Chief Science Correspondent
Edvard and May-Britt Moser gained international attention last week, when the two Norwegian University of Science and Technology professors were announced as the recipients of the Nobel Prize in Physiology or Medicine, alongside University College London professor John O'Keefe.
The Mosers, who were each awarded one-fourth of the $1 million prize, have dedicated their careers to investigating the mechanism of the brain's navigational system.
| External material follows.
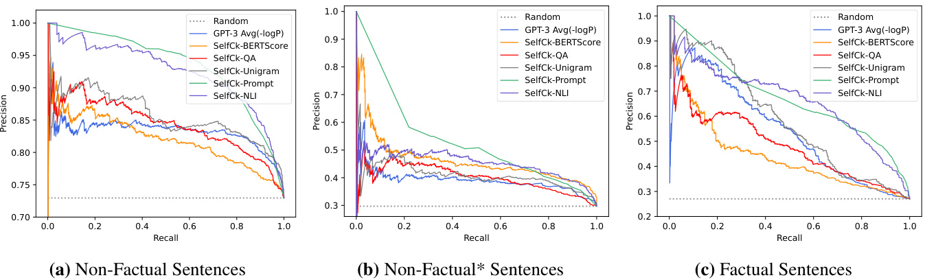 图 5: GPT-3生成的WikiBio段落中非事实与事实句子的PR曲线。

Scientific American writer Alison Abbot conveys that the Mosers, now married for 28 years, have shared a mutual love for neuroscience since their early days as undergraduates at the University of Oslo.
"Suddenly, everything sparked: romance between the two of them, intellectual curiosity and the beginnings of their mission in life - to find out how the brain generates behaviour," Abbot wrote.
It may have been 67 years since the Nobel Prize went to a married couple, but marriages between scientists are not uncommon. In her paper "Love in the Lab," University of Washington researcher Brianna Blaser says women are particularly more likely to seek out marriages within their field. Blaser notes that 70 percent of female physicists are married to other scientists and 80 percent of female mathematicians are married to other mathematicians, according to a 1992 survey. Comparatively, a 2000 survey found that 40 percent of women in all fields of academia marry other academics.
Blaser notes that historically, many women would marry other scientists to capacitate their own careers, securing (albeit lower) positions at their husbands' research institutions. And while the world has come a long way since Marie Curie's day, women are still underrepresented in the sciences, and female science Ph.D.s disproportionately face challenges in securing full-time research positions.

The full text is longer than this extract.